Shopping centre landlords are being hit by unexpected running costs and lower rental returns due to local authorities increasingly charging backdated rates for items such as cash machines, photo booths and vending machines, according to Cushman & Wakefield. 

The Government’s drive for localism has given local authorities a direct interest in rates collected in their area as they now retain a proportion of it. As a result, authorities are increasingly instructing the Valuation Office Agency (VOA), which delivers a range of valuation and surveying services to over 4,000 public sector bodies in the UK, to assess extra items which will increase their income. 

This has included kiosks, photo booths, ATMs and vending machines as well as pop-up or temporary stores with some shopping centre owners now facing rates bills backdated to 2010 on these items as part of residual mall assessments.  

As a result shopping centre operators are facing unexpected bills of up to £75,000 per annum which is increasing running costs and also potentially impacting rent returns, as well as creating service charge disputes. 

So far 61 such assessments have been made across the UK, totalling £2.79m in Rateable Value – equivalent to circa £1.4m in rates liability. 

Mark O’Leary, a director in the Business Rates team at Cushman & Wakefield, which manages 28,000 UK properties with a total rateable value of £1.3bn, said: “There is a clear move by local authorities to seek to maximise their rate revenues and this will only increase as ultimately they will retain all rates revenues from their locality under Government changes. We are increasingly seeing examples of the Valuation Office Agency being instructed to inspect shopping centres to look for items in the commercial area of the mall which could attract a rateable value and therefore a rate liability.  

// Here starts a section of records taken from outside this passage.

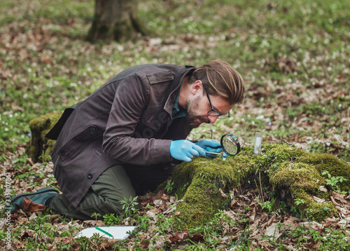 Absorbed botanist in rubber gloves collecting and studying moss samples using tweezers and magnifier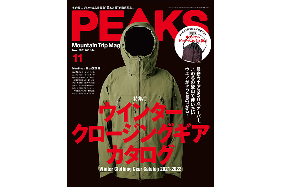 10月15日発売の『PEAKS』11月号。総勢350着以上のウインターウエアを披露しています。ぜひ今シーズンの相棒となる1着を探してみてください! 特別付録は「オリジナル・ビッグサコッシュ【改】」。2019年8月号の特別付録で登場したオリジナル・ビッグサコッシュのサイズはそのままで、素材をナイロン生地に変えてよりタフに長く使えるようになりました!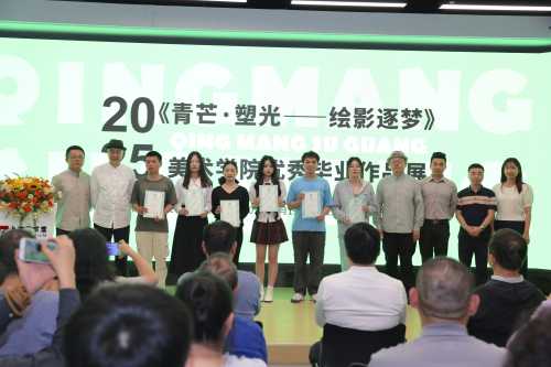 随后,学生代表分享了创作历程,表达了对母校培育的感恩之情。开幕式现场,学校领导为本次展览获得优秀奖的学生颁发获奖证书。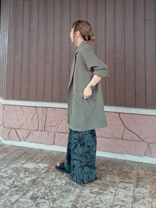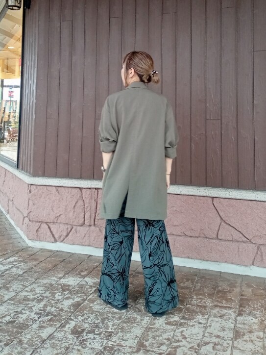 総柄のワイドパンツは少しハリのある生地でシルエットもきれいです✨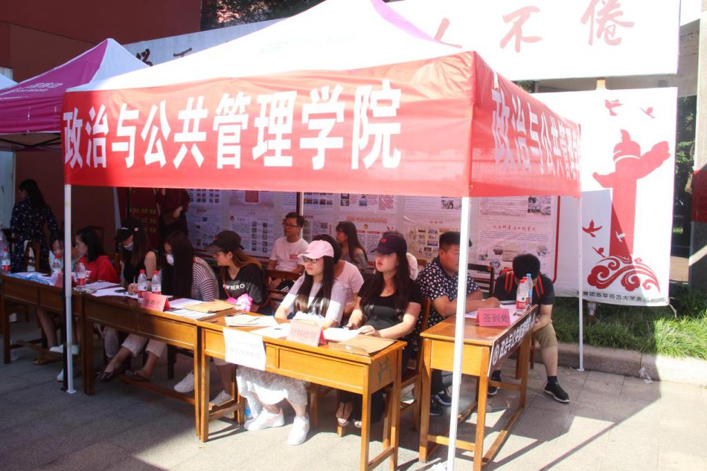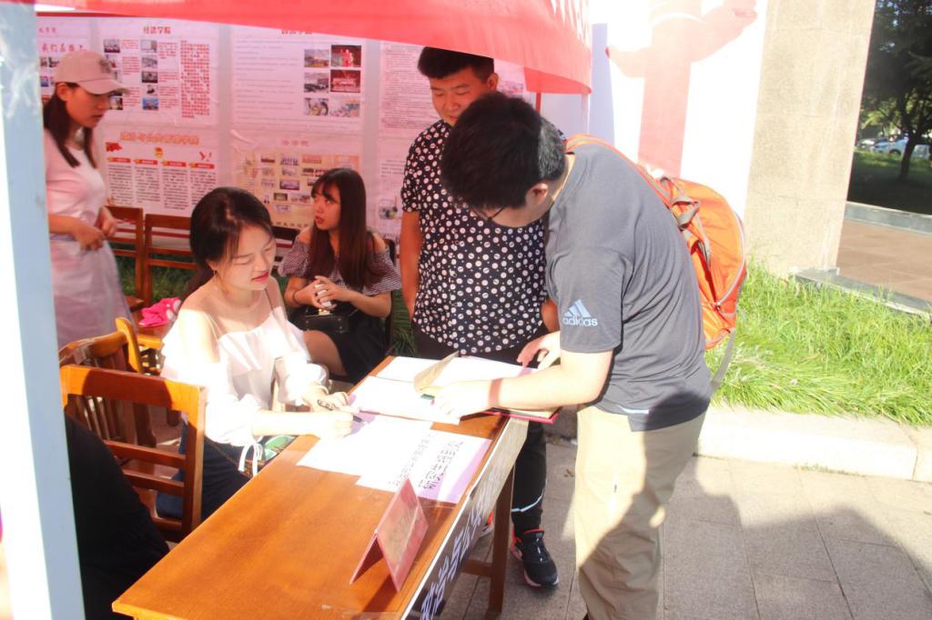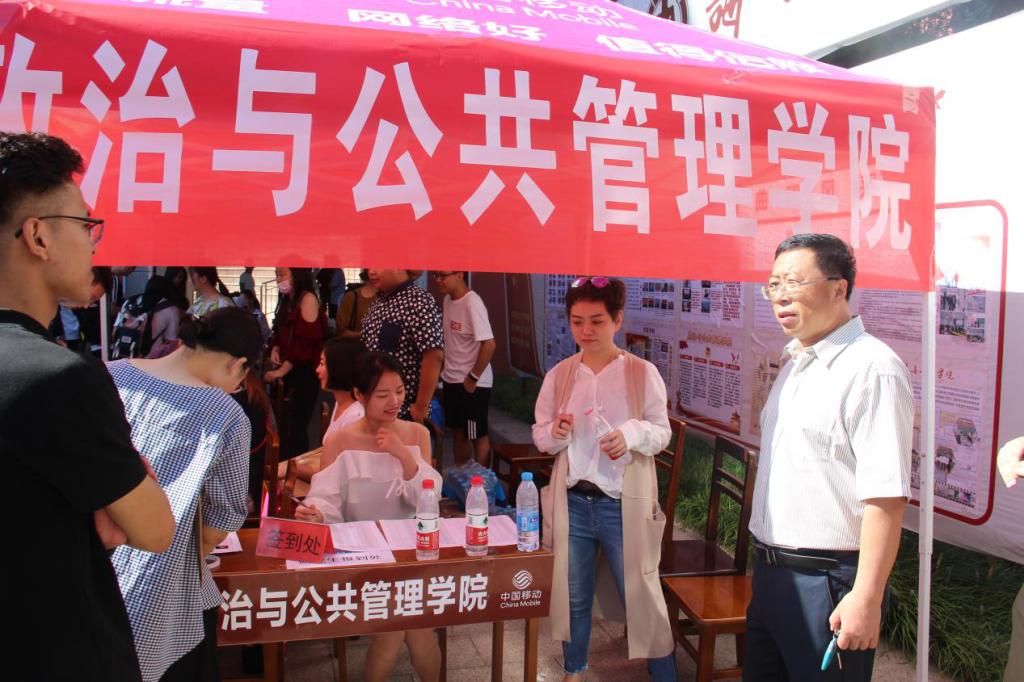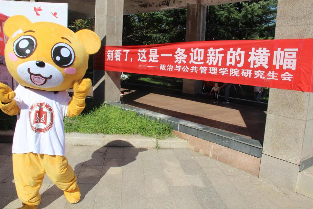 研究生会的迎新工作人员们来到D楼广场迎新报到接待点,为即将入学报到的2018级硕士研究生新同学提供一系列迎新报到服务。

“This is a major change in approach and landlords may incur a non-recoverable liability not previously budgeted for. This is turn may affect capital market values going forward. Assessing the whole of the common parts of malls as one also raises a debate around service charge recoverability of rates costs. 

“This situation is compounded by recently-introduced restrictions on appeals which mean that in some cases ratepayers will have just six months in which to appeal against these assessments, including having them deleted. We therefore recommend that any affected centre instructs a rating surveyor to review this immediately.” 

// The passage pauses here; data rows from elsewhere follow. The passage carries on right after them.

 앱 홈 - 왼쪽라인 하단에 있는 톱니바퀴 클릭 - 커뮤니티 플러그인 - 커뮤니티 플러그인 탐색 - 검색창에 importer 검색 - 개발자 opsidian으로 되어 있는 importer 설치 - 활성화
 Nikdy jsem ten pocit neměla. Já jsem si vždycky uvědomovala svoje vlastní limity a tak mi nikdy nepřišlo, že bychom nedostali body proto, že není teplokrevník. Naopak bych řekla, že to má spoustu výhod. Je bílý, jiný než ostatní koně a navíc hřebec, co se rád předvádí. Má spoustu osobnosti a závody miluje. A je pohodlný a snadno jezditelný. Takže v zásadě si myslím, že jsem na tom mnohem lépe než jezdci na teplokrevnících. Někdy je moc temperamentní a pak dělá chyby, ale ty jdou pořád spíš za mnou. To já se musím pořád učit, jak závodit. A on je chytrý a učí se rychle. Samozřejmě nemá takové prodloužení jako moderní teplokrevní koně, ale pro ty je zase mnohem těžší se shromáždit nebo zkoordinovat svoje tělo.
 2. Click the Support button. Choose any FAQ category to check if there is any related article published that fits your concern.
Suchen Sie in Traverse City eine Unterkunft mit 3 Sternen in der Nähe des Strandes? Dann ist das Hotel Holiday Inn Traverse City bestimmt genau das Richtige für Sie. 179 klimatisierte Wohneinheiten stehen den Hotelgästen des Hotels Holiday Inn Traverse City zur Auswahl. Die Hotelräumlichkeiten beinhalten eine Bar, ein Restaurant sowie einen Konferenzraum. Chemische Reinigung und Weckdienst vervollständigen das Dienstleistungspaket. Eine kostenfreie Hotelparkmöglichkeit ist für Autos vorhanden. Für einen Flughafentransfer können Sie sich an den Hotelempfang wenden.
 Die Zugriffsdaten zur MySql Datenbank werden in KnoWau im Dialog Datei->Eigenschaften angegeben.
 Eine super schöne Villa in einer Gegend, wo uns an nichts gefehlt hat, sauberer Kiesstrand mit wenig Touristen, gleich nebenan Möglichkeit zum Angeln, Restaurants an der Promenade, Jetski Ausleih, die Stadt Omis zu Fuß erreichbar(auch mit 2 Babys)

Catherine Lambert, Cushman & Wakefield’s Head of Retail Property Management, added: “Some of these charges go back more than five years and it is imperative mall owners review all their existing leases and licences to tenants specifically looking at where rates liabilities should fall. The legality of assessing the residual mall space is currently being reviewed and may be challenged in the coming months with a view to having assessments, and therefore any liability impact, removed.”